== Instructions to follow ==
Only the pictures are to be dropped; the rest of the data below is to be duplicated exactly.

== Available data ==
+ + + +
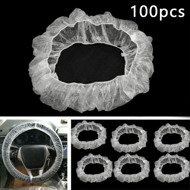 100pcs 자동차 스티어링 휠 커버 일회용 스티어링 휠 커버 방진 자동 수리 및 유지 보수 플라스틱 스티어링 휠
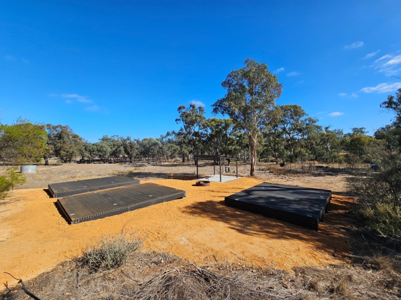 Halfway point of the trail with tent platforms, fire pit, shelter and access to toilets. Easy vehicle access from Dimboola-Rainbow Road.
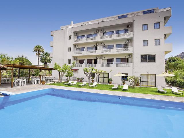 Ausstattung: Kleines Ferienhotel. Garten, Swimmingpool, Sonnenterrasse, Liegewiese, Spielplatz, Liegen, Schirme (am Pool), Pool-/Snackbar. Haupthaus mit Wohngebäude, Rezeption, Aufenthaltsraum, WLAN (inklusive), Bar, Frühstücksraum. Landeskat.: 3 Sterne, 80 Zimmer, 4 Etagen.
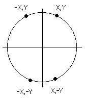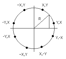 E = 3-2r ;Equ 10.4 T La valeur de E(T) change tout au long du programme suivant le choix du pixel précédent: Si le Pixel A est choisi quand E ; T ;T E = E +4X+6 ; Equ 10.5 T+1 T ou si le pixel B est sélectionné quand E >=0 alors ;T E = E +4(x-y)+10 ; Equ 10.7 T+1 T L'équation 10,5 a besoin de deux additions et deux décalages, l'équation 10.6 de deux additions, une soustraction et deux décalages; un progrès considérable sur les algorithmes précédents. On a besoin d'une méthode pour réfléchir ces points afin de former un cercle complet. Si on peut trouver les valeurs de X et Y pour un quart de cercle, on peut alors produire un cercle complet en réfléchissant ces coordonnées. Voir figure 10.12
+ + + +
== Response to this task ==
 100pcs 자동차 스티어링 휠 커버 일회용 스티어링 휠 커버 방진 자동 수리 및 유지 보수 플라스틱 스티어링 휠
 Halfway point of the trail with tent platforms, fire pit, shelter and access to toilets. Easy vehicle access from Dimboola-Rainbow Road.
 Ausstattung: Kleines Ferienhotel. Garten, Swimmingpool, Sonnenterrasse, Liegewiese, Spielplatz, Liegen, Schirme (am Pool), Pool-/Snackbar. Haupthaus mit Wohngebäude, Rezeption, Aufenthaltsraum, WLAN (inklusive), Bar, Frühstücksraum. Landeskat.: 3 Sterne, 80 Zimmer, 4 Etagen.
 E = 3-2r ;Equ 10.4 T La valeur de E(T) change tout au long du programme suivant le choix du pixel précédent: Si le Pixel A est choisi quand E ; T ;T E = E +4X+6 ; Equ 10.5 T+1 T ou si le pixel B est sélectionné quand E >=0 alors ;T E = E +4(x-y)+10 ; Equ 10.7 T+1 T L'équation 10,5 a besoin de deux additions et deux décalages, l'équation 10.6 de deux additions, une soustraction et deux décalages; un progrès considérable sur les algorithmes précédents. On a besoin d'une méthode pour réfléchir ces points afin de former un cercle complet. Si on peut trouver les valeurs de X et Y pour un quart de cercle, on peut alors produire un cercle complet en réfléchissant ces coordonnées. Voir figure 10.12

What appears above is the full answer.